I was logging into my desktop rather than my app and I got a bad password / username error page. I tried to variations and on the third try, I was locked out for an hour.

I tried again only to be locked out. I decided I must have written down my password incorrectly, I will reset it. I started down that road before I discovered the Capcha anti-spam doesn't like all browsers. I finally got that to work. Put in my username to recover, page said new PW sent. Nothing shows up for hours. I try again using my email address. That got me a recovery link. Tried the first link. Says sending me an email. Nothing again for an hour. Tried the second link with validation code. Software liked that as well said sending email. Nothing.

The instructions say to contact an administrator. I can't find a link for direct contact just a list of moderators and admins. And I am not sure how to contact them and which one to contact.

Could someone give me a hand please? I really enjoy this discussion board.

Thanks

Tim


----------



## pennyk (Dec 16, 2016)

Do you know your password or do you need it to be reset? You are "unlocked" now. I will be away from my computer for a while, but will check back when I return.


----------



## texline (Dec 16, 2016)

I need my password reset.
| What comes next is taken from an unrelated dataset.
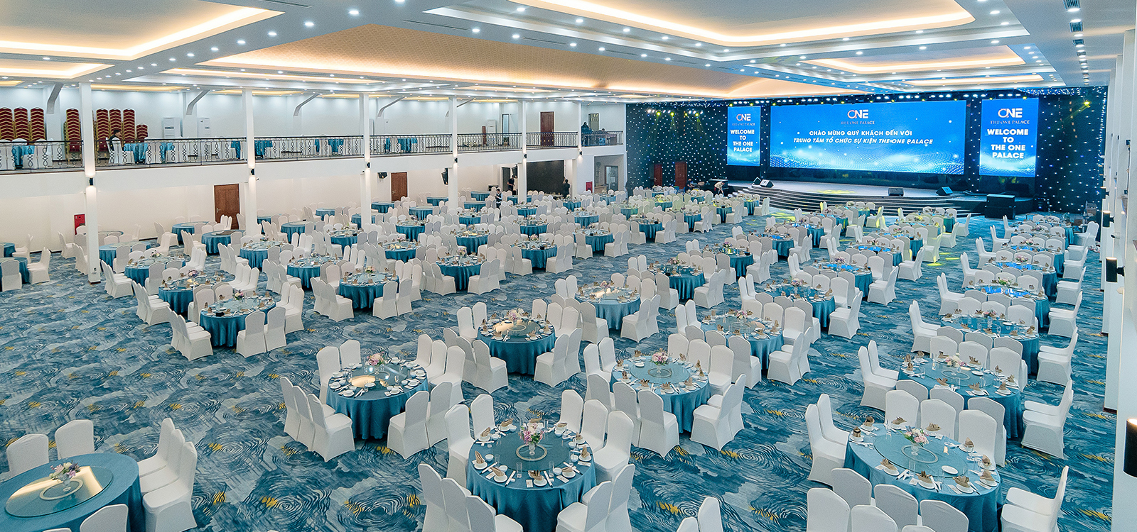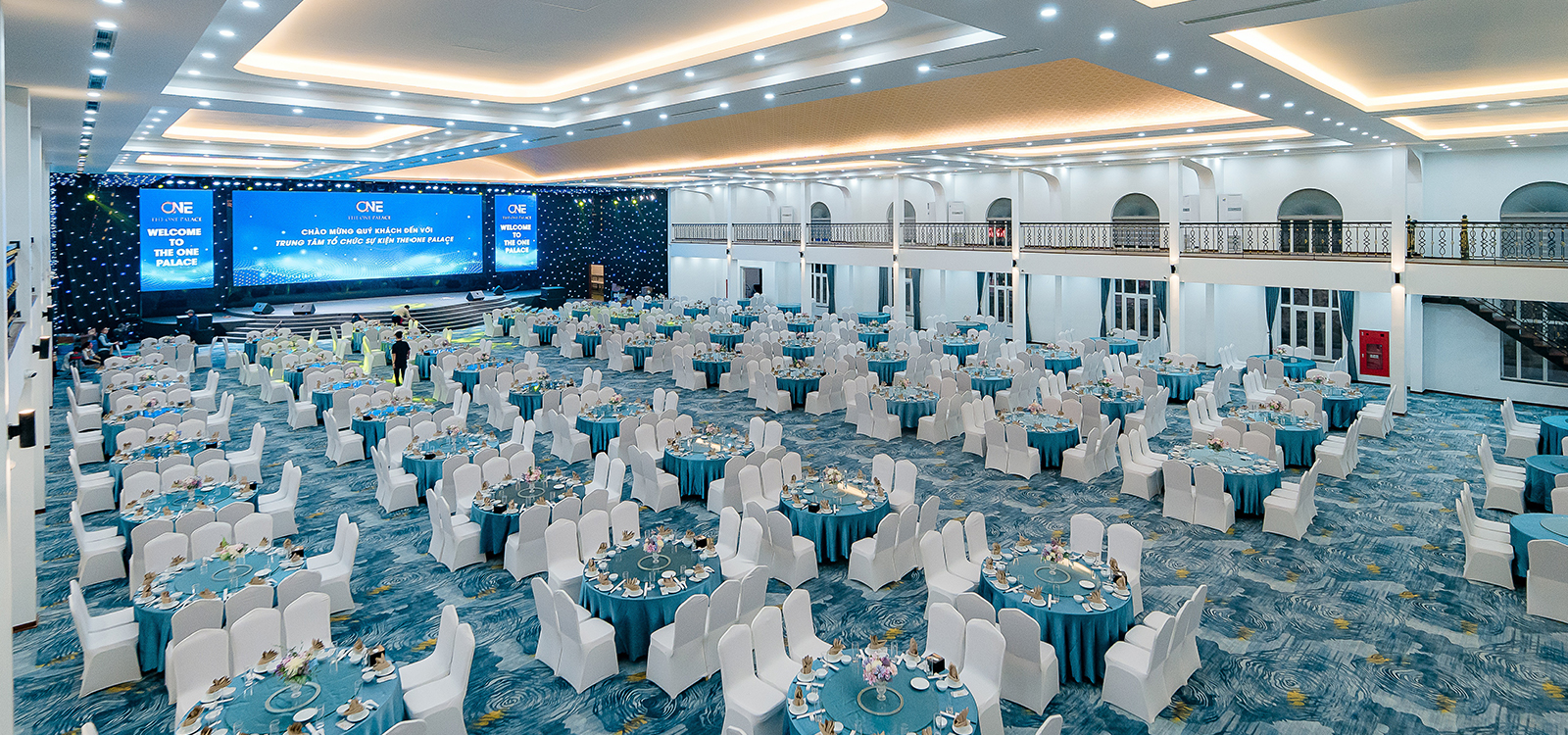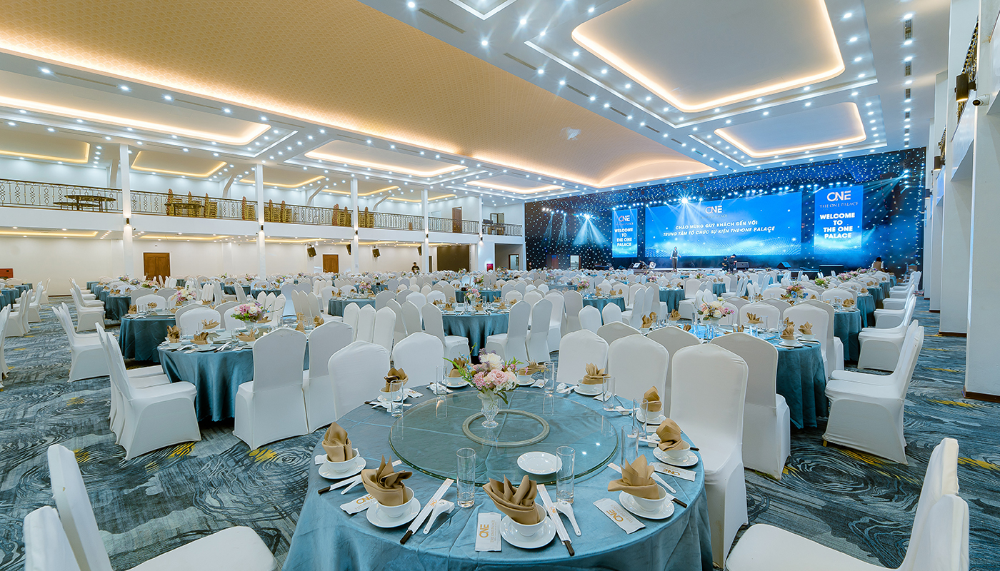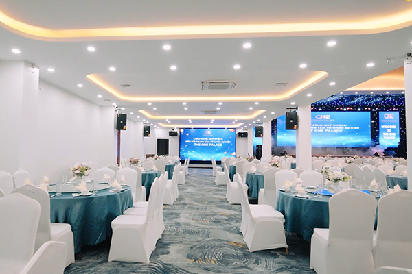 Không gian rộng rãi lên tới 2000m2 với thiết kế 2 sảnh: 1 sảnh lớn có sức chứa lên đến 1000 khách, 1 sảnh nhỏ sức chứa 120 khách. Được trang bị đầy đủ hệ thống âm thanh, ánh sáng, màn chiếu cùng thiết kế hiện đại, thời thượng. Nhà hàng The One Palace là địa điểm lý tưởng để quý thực khách đến thưởng thức những món ăn đặc sắc và tổ chức những bữa tiệc sang trọng, đẳng cấp.

Thanks so much

Tim


----------



## pennyk (Dec 16, 2016)

your password has been reset. I sent you an email at the email address connected with your account with your new password. Once you sign in, please change your password.

Thank you.


----------



## texline (Dec 16, 2016)

Works great! Thanks so much

Tim


----------



## OlympianHiawatha (Jan 24, 2017)

I have been out f town for a week and somehow got signed out; I am unable to remember my password and when I request a reset; it reports an e-mail has been set, but none arrives. Any suggestions? Thanks!


----------



## PRR 60 (Jan 24, 2017)

OlympianHiawatha said:


> I have been out f town for a week and somehow got signed out; I am unable to remember my password and when I request a reset; it reports an e-mail has been set, but none arrives. Any suggestions? Thanks!


Let me see what I can do. Look for an email or PM shortly.


----------



## PRR 60 (Jan 24, 2017)

Sent an email. I assume your email is still at *sbcglobal dot net.*


----------